Regia: Hiner Saleem
Durata: h 1.28
Nazionalità: Francia/Italia/Svizzera/Armenia 2003
Genere: drammatico
Interpreti: Romik Avinian, Lala Sarkissian, Rosanna Vite Mesropian, Yvan Franek, Armen Maroutnian

Film curdo vincitore come miglior film nella sezione Controcorrente a Venezia 2003.
L’Armenia, distese che si ricoprono di neve, immagini tristemente dipinte sullo schermo che abbacinano e rapiscono l’occhio dello spettatore. In Vodka Lemon tutto questo appare quasi come uno stratagemma, un sapiente avvolgimento di una storia che sfiora il documentario, dei suoi rivoli potenzialmente intensi, appena sbozzati, dei personaggi un po’ tipizzati. Hamò è un’anziano bruciato dalla fatica, chioma bianca e maltagliata che lo fonde aL paesaggio, distinguendolo dagli altri uomini che ogni giorno si reca nello spoglio cimitero vicino per andare a trovare la moglie morta. Durante il tragitto in autobus incontra una donna più giovane, costretta dalla miseria a non pagare il biglietto. Parallelamente: il figlio dell’uomo fa sposare sua figlia ad un tipo poco raccomandabile; un altro dal Canada manifesta i suoi guai finanziari all’anziano genitore, che è costretto a recarsi ogni giorno al mercato, a vendere un pezzo della propria memoria. Scene cicliche: Amò che si reca nell’ovattato, impietoso luogo da cui emergono, quasi violando la terra, le terribili sagome dei defunti, della donna contrita i cui tratti induriti e ricchi si affretta a sbrinare amorevolmente. L’incontro con la donna, un’altra storia difficile, e per metà taciuta, che va approfondendosi. I campi lunghi e la rituale composizione del suo interagire con altre figure: Amò che incontra, amaramente e comicamente, sempre le stesse persone interessate a comprare i suoi articoli, una famigliola in cui la terribile matriarca, forse un vero topos, riesce a contrattare a suo svantaggio i prezzi. Brutalità e ilarità, l’arcaica e fugace caduta a picco delle giornate tagliano la pellicola, che nel suo amore per le profondità visive lascia qualche stralcio di insoddisfazione per la volontaria, pervicace rinuncia agli psicologismi, forse aridi ma pur sempre ricettatore “occidentale”. E’la passeggiata in un mondo in cui tutto, tranne il sogno e gli accessi di follia (quello del figlio, che per problemi di denaro spara al neo-genero), sembra trascinarsi nell’immutabile, denso e appena scalfito da una modernità che appare, per contrasto, quasi grottesca e ridicola. Anche i sapori ricorrono: come quello di un liquore di successo in un chiosco che chiude i battenti (quello in cui la donna dell’autobus lavora), che “sa di mandorla”, ma si chiama Vodka Lemon.
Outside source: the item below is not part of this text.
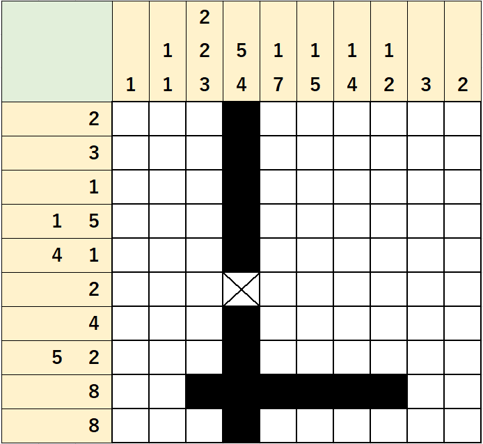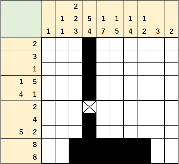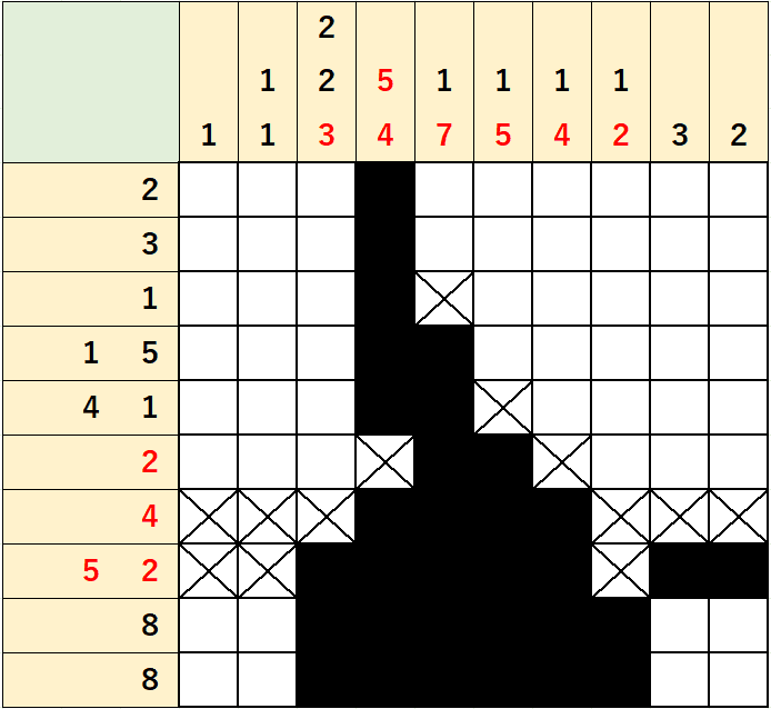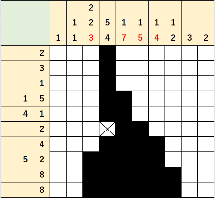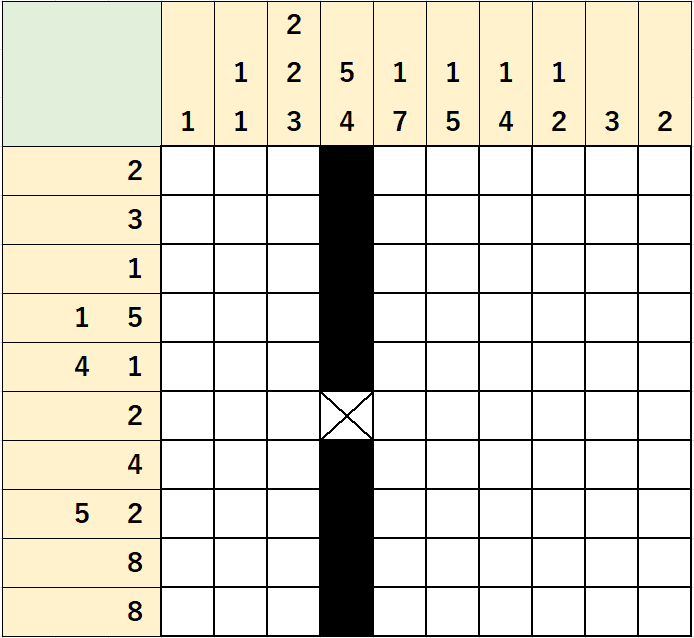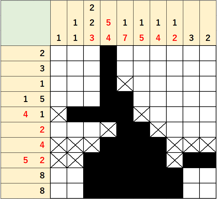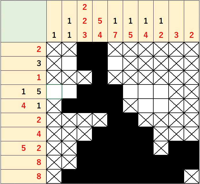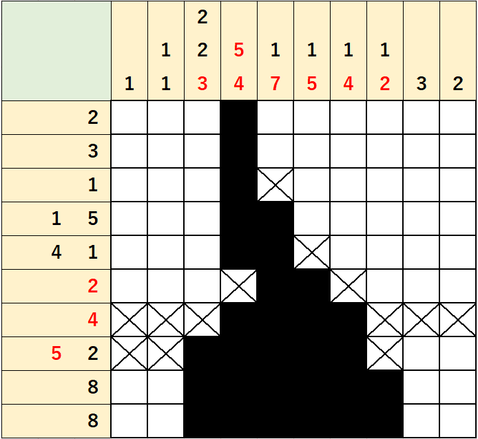 위와 같이 열에 대한 가장자리 숫자 박스' 마킹을 완료하고 X표를 칠하고 나면 부수적으로 행에 대한 숫자가 완성되기도 한다. 바로바로 X표를 추가하자~
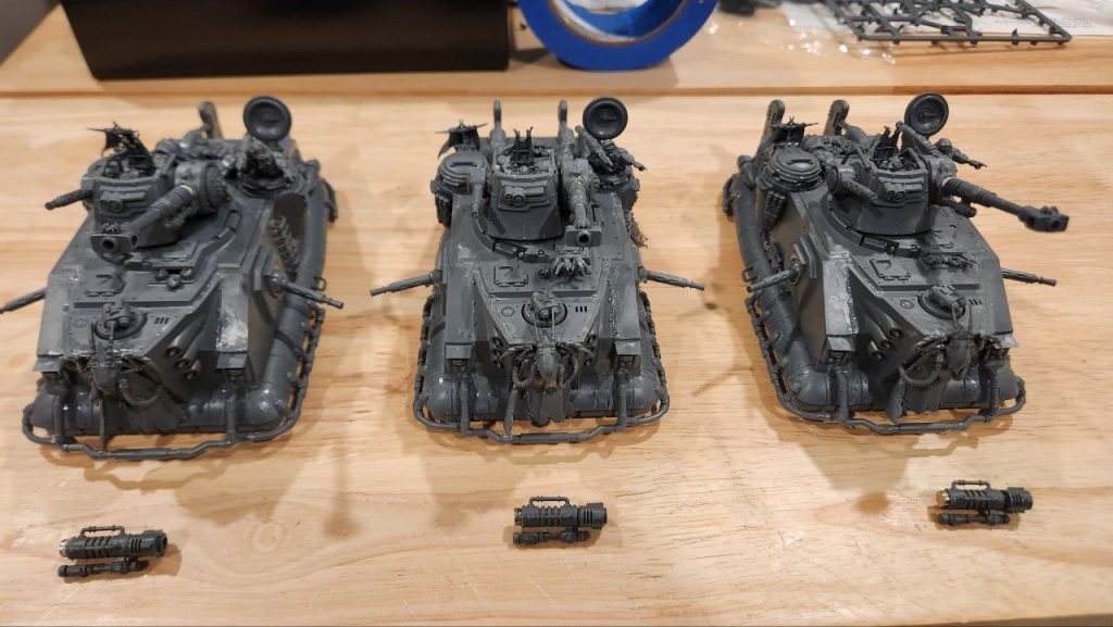 Bit of some small potatoes for this month, but I finally got a trio of Skorpius Disintegrators ready for priming & painting, with magnetized guns. This is the first time I've magnetized a weapon swap in ages, but given the propensity for either choice to be meta at a given time I thought this was a good time to get back on the saddle for that. I'm especially happy with the spotter pointing out of these, as it's much harder to forget the tank has a missile launcher when there's a poor sap holding an RPG peeking out of the hatch.

L’ultima scena, gustosa, leggera, è forse però una citazione inavvertita (Lezioni di piano? La leggenda del pianista sull’Oceano?), in cui i due protagonisti, ora unica entità, si muovono su un carrello immaginario suonando un pezzo a quattro mani su un vecchio, sontuoso pianoforte. La leggiadra imponenza di un’oggetto ancora una volta sembra riscattare i corpi, le azioni umane, irrompendo estraniante e fantasioso nella ripetitività della natura.